BEGIN DATA SHOWN

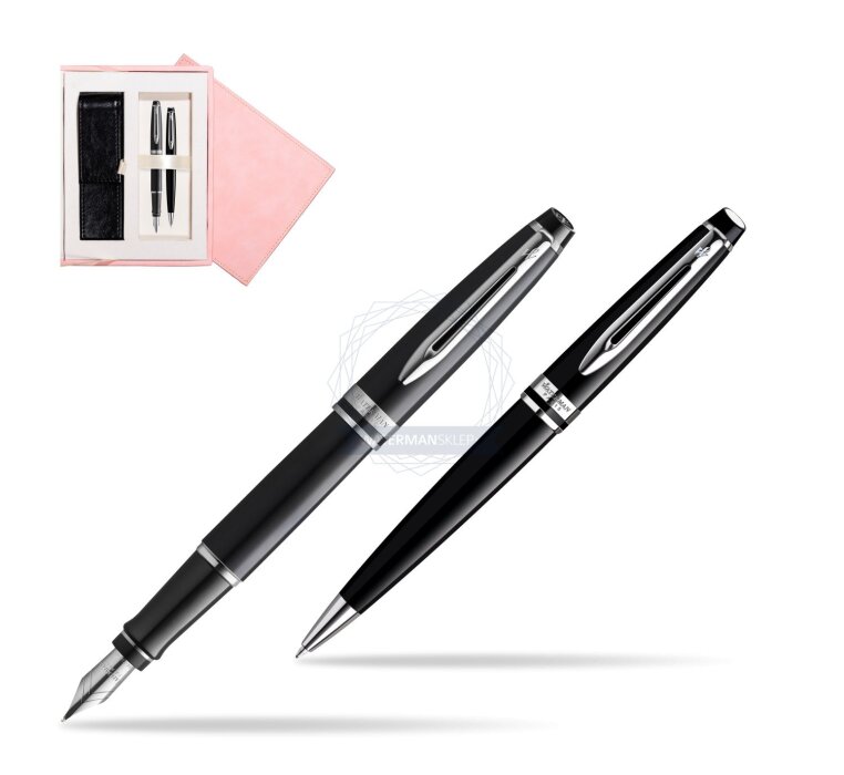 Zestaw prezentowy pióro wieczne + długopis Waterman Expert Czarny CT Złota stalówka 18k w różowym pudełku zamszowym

END DATA SHOWN
BEGIN DATA SHOWN

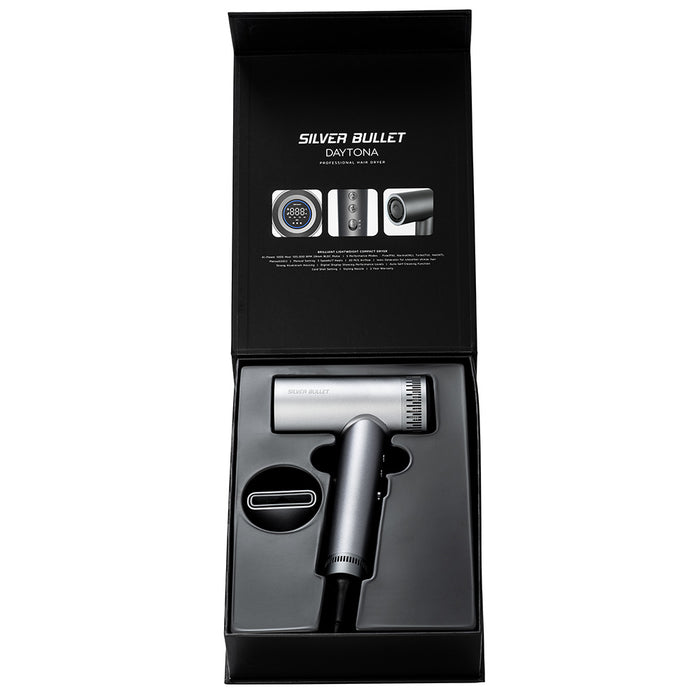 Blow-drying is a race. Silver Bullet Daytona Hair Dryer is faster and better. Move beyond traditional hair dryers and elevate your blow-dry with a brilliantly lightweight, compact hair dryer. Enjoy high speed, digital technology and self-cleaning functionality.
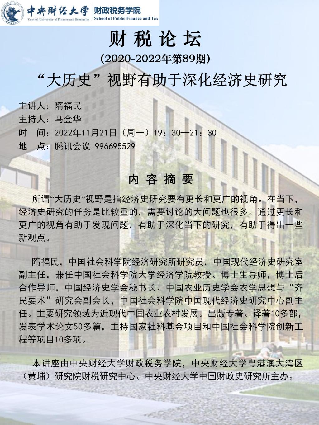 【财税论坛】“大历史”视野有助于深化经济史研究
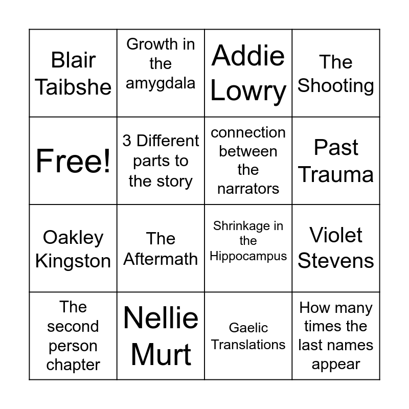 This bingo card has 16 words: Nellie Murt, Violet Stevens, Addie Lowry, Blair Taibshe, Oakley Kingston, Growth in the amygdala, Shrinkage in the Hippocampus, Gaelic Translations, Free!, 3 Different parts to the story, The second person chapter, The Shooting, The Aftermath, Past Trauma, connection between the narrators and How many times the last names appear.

END DATA SHOWN
BEGIN DATA SHOWN

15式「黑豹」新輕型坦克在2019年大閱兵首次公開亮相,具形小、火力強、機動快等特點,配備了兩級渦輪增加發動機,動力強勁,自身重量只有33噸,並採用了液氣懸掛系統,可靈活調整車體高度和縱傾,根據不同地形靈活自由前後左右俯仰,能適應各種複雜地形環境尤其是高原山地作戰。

END DATA SHOWN

→ **WHAT TO DO**
Find the line with "Blow-drying is a" in the data above, and from there retype each line exactly through the line with "This bingo card", skipping the pictures along the way.

→ **ANSWER SPACE**
 Blow-drying is a race. Silver Bullet Daytona Hair Dryer is faster and better. Move beyond traditional hair dryers and elevate your blow-dry with a brilliantly lightweight, compact hair dryer. Enjoy high speed, digital technology and self-cleaning functionality.
 【财税论坛】“大历史”视野有助于深化经济史研究
 This bingo card has 16 words: Nellie Murt, Violet Stevens, Addie Lowry, Blair Taibshe, Oakley Kingston, Growth in the amygdala, Shrinkage in the Hippocampus, Gaelic Translations, Free!, 3 Different parts to the story, The second person chapter, The Shooting, The Aftermath, Past Trauma, connection between the narrators and How many times the last names appear.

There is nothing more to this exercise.